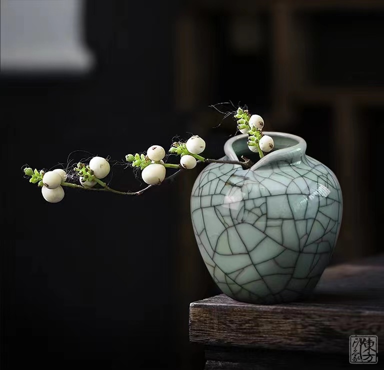 小花插取旗袍“立领、盘扣、斜门襟”的典型特征,犹如美人,风姿绰约。釉色灰青,釉面如冰似玉,具有龙泉青瓷哥窑“黑胎厚釉,紫口铁足,满布大小龟裂纹片”的典型特征。以此装点雅室生辉,展现了随性自然、沉静幽雅的东方美学风格。
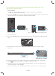 CONNECTING THE SOUNDBAR MAIN UNIT TO THE SUBWOOFER AND SURROUND SPEAKERS You can enjoy rich bass tones and better sound quality by linking the subwoofer to the Soundbar main unit. Recommended Speaker Layout TV Soundbar Main Unit S it Soundbar Main Unit Subwoofer Subwoofer 90° 90° Surround Speaker 110° 110° Surround Speaker L Surround Speaker R Left Right Automatic Connection 1. Connect a power supply to the subwoofer and surround sound speakers. 2.
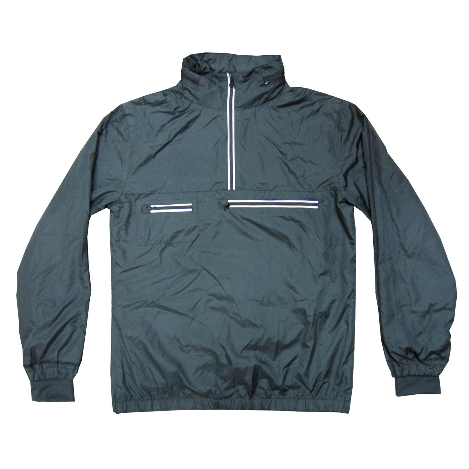 This water repellent pack away jacket is comfortable to wear and is ideal for trips or everyday wearing. It has a concealed hood and has a half zip opening with reflective decoration along zip. The jacket is easy to pack and can protect you from the elements.
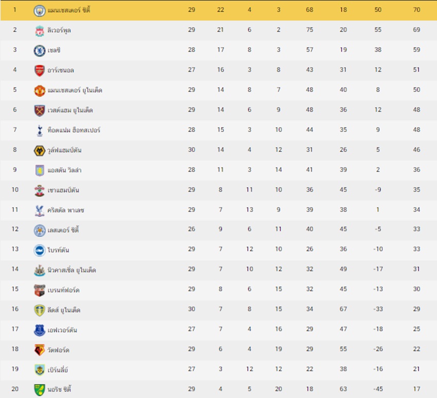 ผลการแข่งขันฟุตบอลพรีเมียร์ลีก และสรุปตารางคะแนน
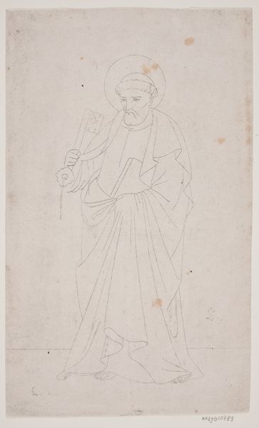 Editor: This is "Szene am Ausgang der Kirche_ Mephisto," a pencil drawing by Peter Cornelius from around 1811, currently at the Städel Museum. It's just a quick sketch, but the figure of Mephisto looks really theatrical. What stands out to you about the way Cornelius chose to represent him with pencil? Curator: The immediate draw for me is in thinking about Romanticism. This isn't some polished oil painting depicting a grand historical narrative; instead, we see the direct, unmediated mark of the artist's hand rendering the scene of a play. Notice, the *drawing* process is central here. It emphasizes the individual creation, the direct labour and act of making over a commodity, disrupting the rigid, academic painting establishment. Cornelius highlights the *means* of production, the intimacy of the studio. What are the material constraints here? The rough paper? A pencil? This brings art closer to craft, a tangible process anyone can perform. Editor: That's fascinating! I never thought about the choice of drawing as a sort of rebellious act. Curator: Exactly! The apparent sketchiness, even incompleteness of the work can be seen as its strength. It suggests Cornelius wasn’t interested in a slick, commercial artwork for the market but wanted instead to emphasise the *process* over a finalised product. That is, the actual art of making a scene from *Faust* more vividly. It suggests the role of the pencil wasn’t just to serve as a preparatory tool for a painting, but as the tool for an original work itself. Consider, too, how paper and pencil are comparatively available materials that level traditional notions of elite arts! Editor: So, by using a simple material like pencil, Cornelius is democratizing the artistic process and emphasizing craft. I will now notice drawing in collections, not as a mere preparatory instrument, but as artistic claim. Curator: Precisely. Reflect on what makes Cornelius tick when approaching your own artwork.
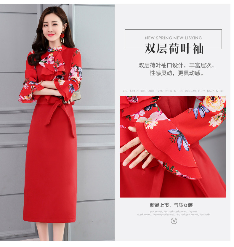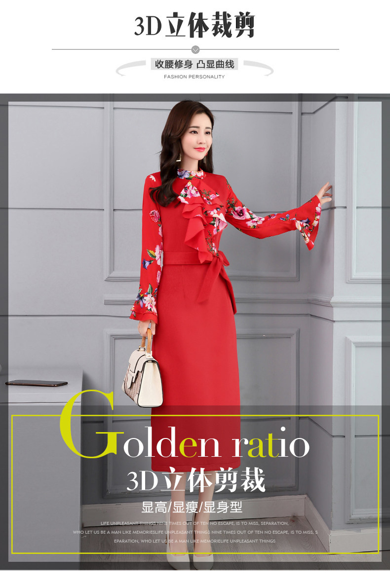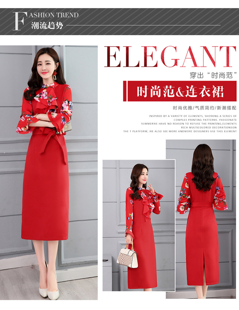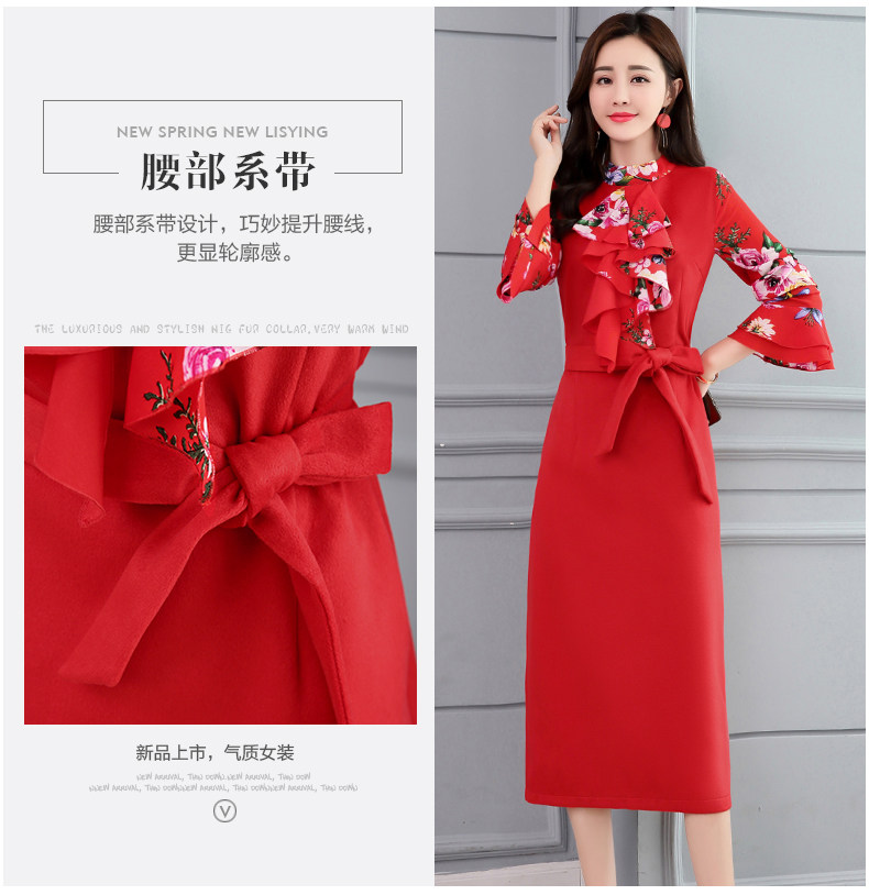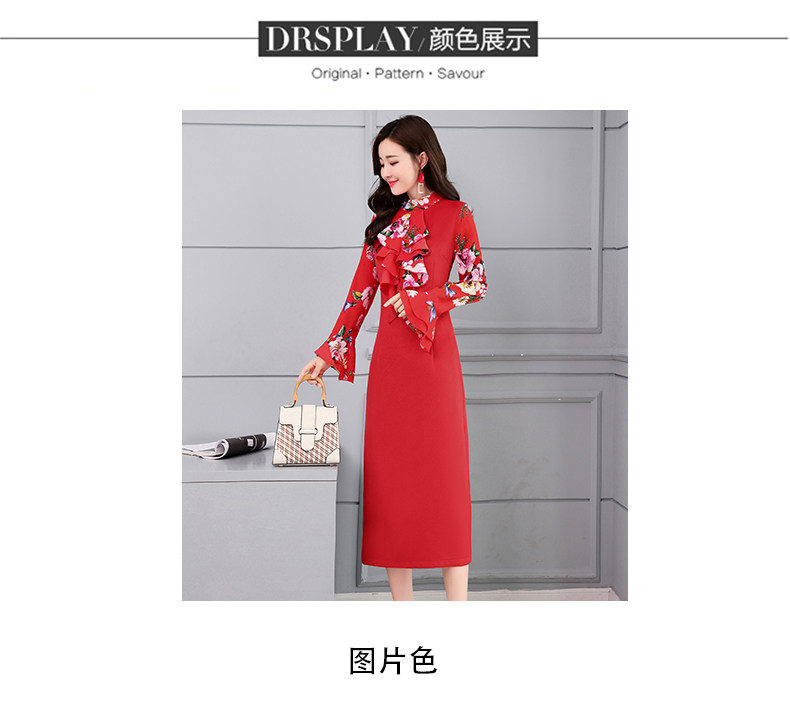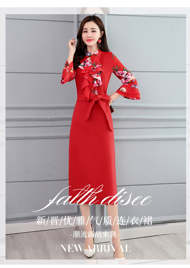 CQ-OKYZ1803冬季中长款单件百搭时尚气质荷叶袖连衣裙

══════════

ACTIVITY - Copy the listing above exactly, but only from the line with "ผลการแข่งขันฟุ" through the line with "Editor: This is", including those two lines and excluding any picture.

RESULT FOR THIS EXERCISE -
 ผลการแข่งขันฟุตบอลพรีเมียร์ลีก และสรุปตารางคะแนน
 Editor: This is "Szene am Ausgang der Kirche_ Mephisto," a pencil drawing by Peter Cornelius from around 1811, currently at the Städel Museum. It's just a quick sketch, but the figure of Mephisto looks really theatrical. What stands out to you about the way Cornelius chose to represent him with pencil? Curator: The immediate draw for me is in thinking about Romanticism. This isn't some polished oil painting depicting a grand historical narrative; instead, we see the direct, unmediated mark of the artist's hand rendering the scene of a play. Notice, the *drawing* process is central here. It emphasizes the individual creation, the direct labour and act of making over a commodity, disrupting the rigid, academic painting establishment. Cornelius highlights the *means* of production, the intimacy of the studio. What are the material constraints here? The rough paper? A pencil? This brings art closer to craft, a tangible process anyone can perform. Editor: That's fascinating! I never thought about the choice of drawing as a sort of rebellious act. Curator: Exactly! The apparent sketchiness, even incompleteness of the work can be seen as its strength. It suggests Cornelius wasn’t interested in a slick, commercial artwork for the market but wanted instead to emphasise the *process* over a finalised product. That is, the actual art of making a scene from *Faust* more vividly. It suggests the role of the pencil wasn’t just to serve as a preparatory tool for a painting, but as the tool for an original work itself. Consider, too, how paper and pencil are comparatively available materials that level traditional notions of elite arts! Editor: So, by using a simple material like pencil, Cornelius is democratizing the artistic process and emphasizing craft. I will now notice drawing in collections, not as a mere preparatory instrument, but as artistic claim. Curator: Precisely. Reflect on what makes Cornelius tick when approaching your own artwork.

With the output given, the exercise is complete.